Spotlight: Nancy Agabian

 

Nancy Agabian headshot

Hobart Festival of Women Writers is excited to welcome Nancy Agabian as a Participating Writer for Festival 2019.

Nancy Agabian is a writer, teacher, and literary organizer working in the spaces between race, ethnicity, cultural identity, feminism and queer identity. Nancy Agabian was honored as a finalist for the 2016 PEN/Bellwether Prize for Socially-Engaged Fiction for her recently completed novel The Fear of Large and Small Nation, which is based on her experiences as a Fulbright scholar in Armenia.  She is the author of the memoir Me as her again: True Stories of an Armenian Daughter (2008), a Lambda Literary Award finalist for LGBT Nonfiction and shortlisted for a William Saroyan International Prize, and the mixed-genre work Princess Freak (2000), which deals with young women’s sexuality and rage. Nancy Agabian earned an MFA in Nonfiction Writing from Columbia University’s School of the Arts and has become an award-winning teacher herself. In 2012 she was awarded for excellence in teaching at Queens College, where she taught as an adjunct for a decade. She currently is teaching in the Writing Program at the Gallatin School of Individualized Study at New York University.

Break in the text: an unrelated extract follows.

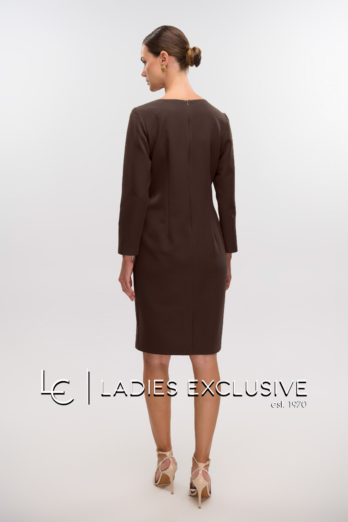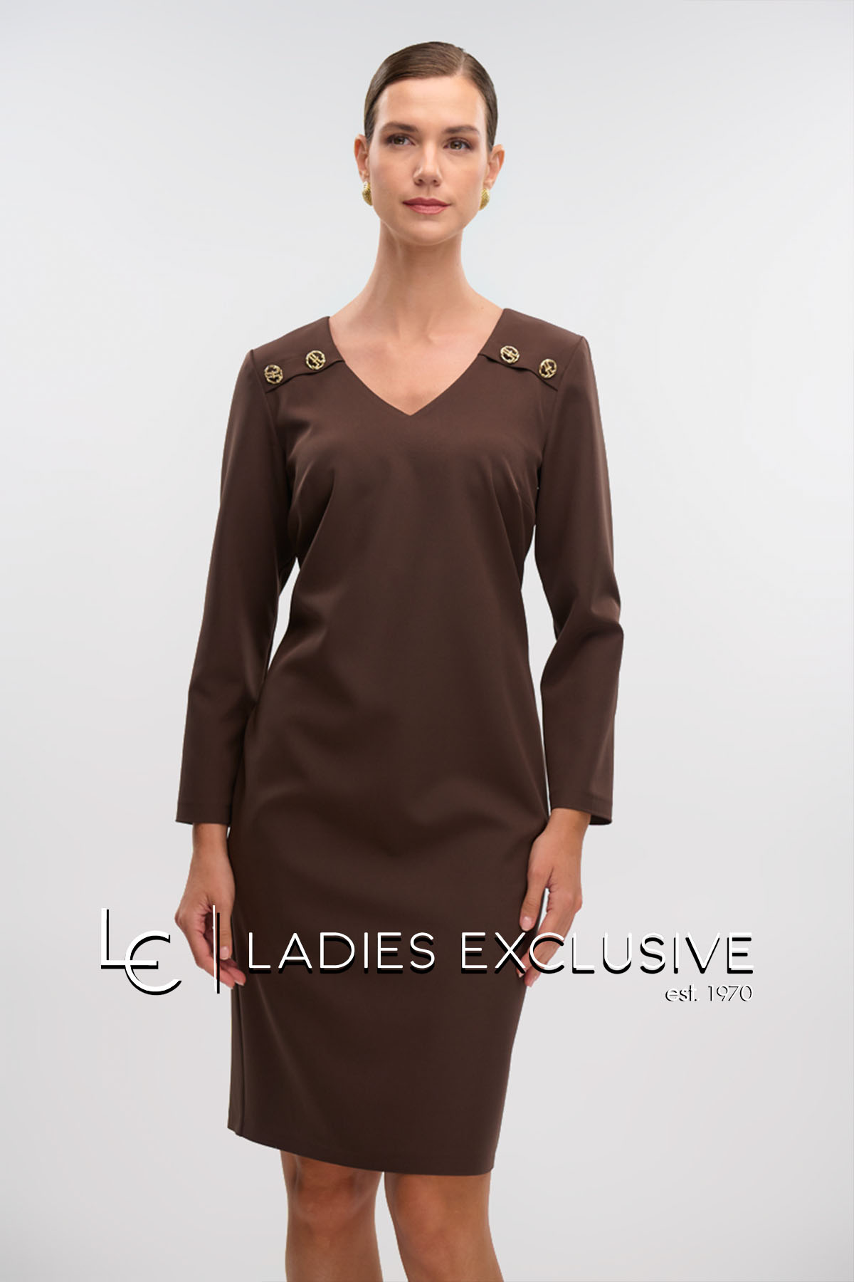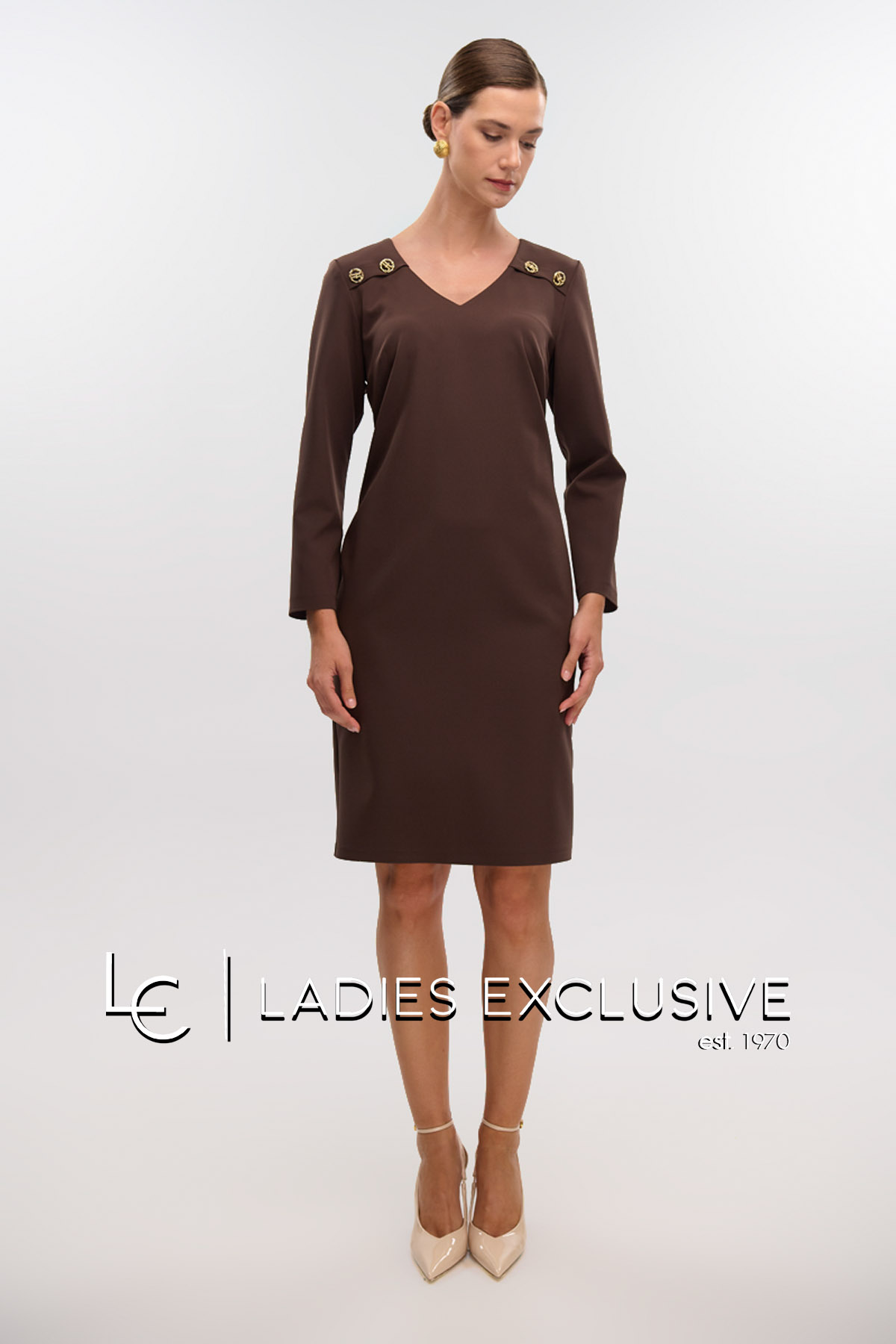 FIBES Φόρεμα καφέ κρεπ σε ίσια γραμμή, με άνοιγμα v και μανίκι 3/4. Στο μπροστινό μέρος έχει διακοσμητικά κουμπιά.

41Y9VkWrJbL._SX323_BO1,204,203,200_    princess-freak-cover

vcard.newschool.edu     

Nancy Agabian reads THE BANK, a hilarious sojourn on an errand to the bank. 

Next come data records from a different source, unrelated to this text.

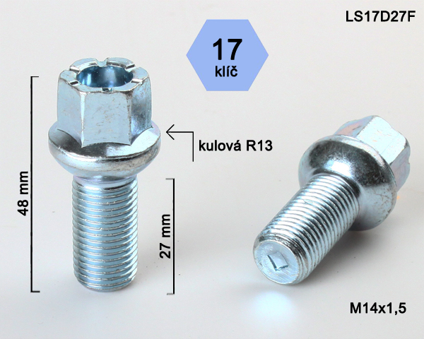 - Kolový šroub M14x1,5x27mm, dosedací plocha koule R13, klíč 17, pozink
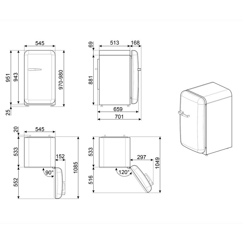 Frigorífico monopuerta Smeg FAB10RPB6 en acabado azul 50's Style y libre instalación. Ofrece 122 L netos (105 L frigorífico + 17 L congelador), refrigeración estática, luz interior LED y bisagra derecha. Clase energética D y consumo anual 115 kWh, nivel sonoro 35 dB y autonomía 6 h, ideal para espacios reducidos que buscan diseño retro y funcionalidad fiable.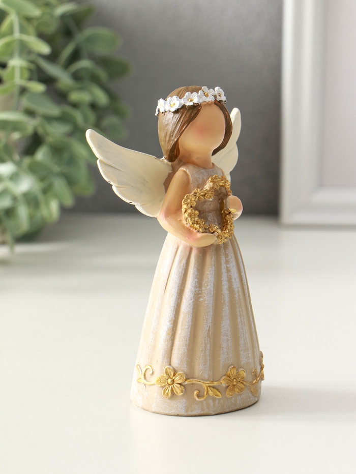 Фигурка полистоун «Девочка-ангел с венком-сердце», 4.5×8×12 см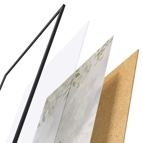 Plakát se skládá z rámu, plexiskla, tištěného obrazu a dřevotřískového podkladu. Díky úchytům na zadní straně lze plakát ihned zavěsit na zeď.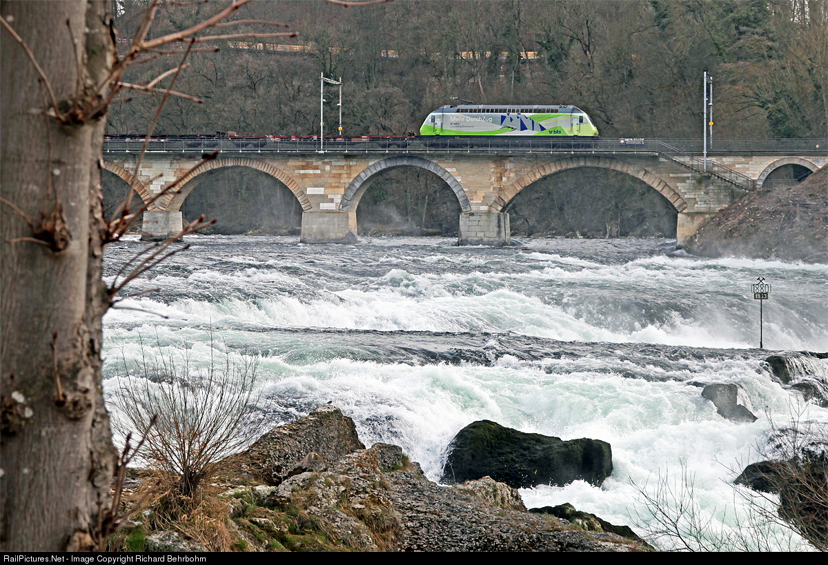 | BLS Re 465 001 with paint scheme "10 years Lötschberg Base Tunnel (LBT)" is crossing the Rhine Fall - Bridge with a diverted freight train from Singen (Germany) to Basel. |

Nancy Agabian shared insights on her writing, cultural and political work  with Stephanie Nikolopoulos in this Q&A

Stephanie Nikolopoulos
Stephanie Nikolopoulos

SN: In Me as her again: True Stories of an Armenian Daughter you write in particular about your grandmother and your aunt. In what ways do you think women are the keepers of family history?

NA: I think women hold onto family history because of the hurts they endure due to sexism and misogyny: at least this was the case for my mother, being raised by a single mother who died young. I think she felt her mother’s life could have been so much different if she’d had more options in life. She told stories to heal the pain of her loss. I think my aunt (my father’s sister) held onto family history for similar reasons, since her mother was a genocide survivor who told stories of the atrocities she’d experienced. But my aunt was also a painter who gained a strong sense of self and identity from the family stories and how they intersected with Armenian history and culture, and with Armenian women’s resilience, survival, and success.

 SN: Your novel The Fear of Large and Small Nations flits back and forth in time and place. How did you structure your writing process? Did you create a tight outline from the beginning that encompassed the entire plot, or did you focus on one place at a time working chronologically or one time period moving between two spaces?

NA: I did a bit of both. Originally this was going to be a nonfiction book. I had written a series of observational blog posts in Armenia during the year I lived there, mostly about democracy burgeoning under an oppressive Soviet legacy, especially for women and LGBT people. A few years later, I wanted to create a book with these posts; at the time, I was writing in my journal about a troubled relationship that I was enduring in NYC, with a man I had met in Armenia, and I was finding similarities in themes of loss, longing, and how the personal connected with the political. So I wrote about what I was going through in the present and connected these stories thematically to the blog posts to create chapters, sometimes using fictional elements, such as writing in third person, to connect them. I tightened the plot in later revisions once I gave myself more permission to fictionalize. Writing multiple narratives helped to tell a wider story of how public and private lives can become fractured because of societal oppression and inherited trauma.

 SN: You moved to Hollywood and became a performance artist, and your book Princess Freak includes both poetry and performance texts. How has performance impacted your writing style?    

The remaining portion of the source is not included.